The 2019–20 Red Stripe Premier League is the 46th season of the National Premier League, the top division football competition in Jamaica. The season kicked off on 1 September 2019. On March 12, 2020, the season entered a lengthy suspension due to the COVID-19 pandemic, following the cancellation of several matches. Three days later, the Jamaica Football Federation officially cancelled the season on 15 March 2020 as part of its effort to help contain the pandemic.

==Teams==
Montego Bay United and Reno finished 11th and 12th, respectively, at the conclusion of the 2018–19 National Premier League season and were relegated to the Western Confederation Super League, their respective regional Super League. The two teams promoted from the 2018-19 National Playoff were Vere United and Molynes United.
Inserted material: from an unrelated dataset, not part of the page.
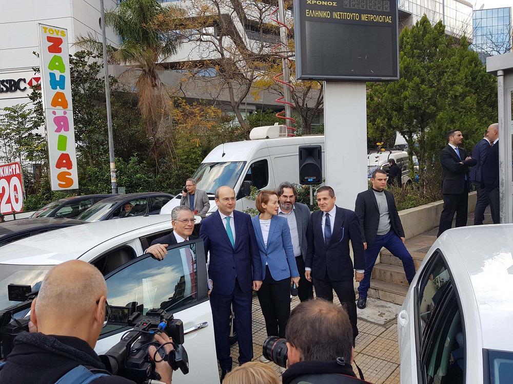 Σε εκδήλωση, παρουσία του Υπουργού Περιβάλλοντος και Ενέργεια κυρίου Κωστή Χατζηδάκη, παρουσιάστηκαν σήμερα οι πράσινες δράσεις του υπουργείου, με την παραλαβή των πρώτων ηλεκτρικών αυτοκινήτων, στην κατεύθυνση της προώθηση της ηλεκτροκίνησης στο δημόσιο.

| Team | Location | Stadium | Stadium Capacity | Manager |
|---|---|---|---|---|
| Arnett Gardens | Kingston | Anthony Spaulding Sports Complex | 7,000 | JAM Jerome Waite |
| Cavalier | Kingston | Stadium East | 2,000 | JAM Rudolph Speid |
| Dunbeholden | Portmore | Prison Oval | 2,000 | JAM Michael Cohen |
| Harbour View | Kingston | Harbour View Mini Stadium | 7,000 | JAM Fabian Taylor |
| Humble Lions | Clarendon | Effortville Community Centre | 1,000 | JAM Admiral Bailey |
| Molynes United | Kingston | Jacisera Park |  | JAM Calvert Fitzgerald |
| Mount Pleasant F.A. | Runaway Bay, St. Ann | Drax Hall Sports Complex, Drax Hall | 2,000 | JAM Donovan Duckie |
| Portmore United | Portmore | Ferdie Neita Sports Complex | 3,000 | JAM Shavar Thomas |
| Tivoli Gardens | Kingston | Railway Oval | 3,000 | JAM Omar Edwards |
| UWI | Kingston | UWI Bowl | 2,000 | JAM Andrew Peart |
| Vere United | Clarendon | Wembley Centre of Excellence |  | JAM Howard Cephas |
| Waterhouse | Kingston | Waterhouse Stadium | 5,000 | JAM Marcel Gayle |

==Regular season==
The season completed 29 matches for most teams. When the JFF announced the suspension of play it was determined that no champion would be declared for any league and no teams would be promoted or relegated; the season was declared null and void.

| Pos | Teamv; t; e; | Pld | W | L | T | GF | GA | GD | Pts | Qualification or relegation |
| 1 | Waterhouse | 29 | 15 | 5 | 9 | 50 | 27 | +23 | 54 | Advance to Playoffs (Semifinals) |
| 2 | Mount Pleasant | 29 | 16 | 8 | 5 | 43 | 22 | +21 | 53 |
| 3 | Portmore United | 28 | 14 | 10 | 4 | 38 | 28 | +10 | 46 | Advance to Playoffs (Quarterfinals) |
| 4 | Humble Lions | 28 | 12 | 6 | 10 | 30 | 23 | +7 | 46 |
| 5 | Tivoli Gardens | 29 | 12 | 10 | 7 | 39 | 34 | +5 | 43 |
| 6 | Dunbeholden | 29 | 12 | 10 | 7 | 34 | 30 | +4 | 43 |
| 7 | Arnett Gardens | 29 | 11 | 9 | 9 | 40 | 42 | −2 | 42 |  |
| 8 | Cavalier | 29 | 10 | 10 | 9 | 41 | 33 | +8 | 39 |
| 9 | Harbour View | 29 | 10 | 10 | 9 | 29 | 35 | −6 | 39 |
| 10 | Molynes United | 29 | 8 | 16 | 5 | 30 | 47 | −17 | 29 |
| 11 | UWI | 29 | 2 | 15 | 12 | 26 | 51 | −25 | 18 | Relegated to Regional confederations |
| 12 | Vere United | 29 | 2 | 15 | 12 | 19 | 47 | −28 | 18 |

==Top goalscorers==

| Rank | Scorer | Team | Goals |
| 1 | JAM Kemar Beckford | Mount Pleasant | 14 |
| 2 | JAM Kemal Malcolm | Arnett Gardens | 13 |
| 3 | JAM Cevone Marsh | Cavalier | 12 |
| JAM Colorado Murray | Tivoli Gardens | 12 |
| JAM Dean Andre Thomas | Waterhouse | 12 |
| 6 | JAM Cory Burke | Portmore United | 11 |
| 7 | JAM Thorn Simpson | UWI | 10 |
| 8 | JAM Keithy Simpson | Waterhouse | 9 |
| 9 | JAM Cardel Benbow | Mount Pleasant | 7 |
| JAM Davion Garrison | Tivoli Gardens | 7 |
| JAM Vishinuel Phillips Harris | Humble Lions | 7 |
| JAM Xhane Reid | Vere United | 7 |
| JAM Stephen Williams | Waterhouse | 7 |

Goal totals reflect statistics up to suspension of 2019–20 season.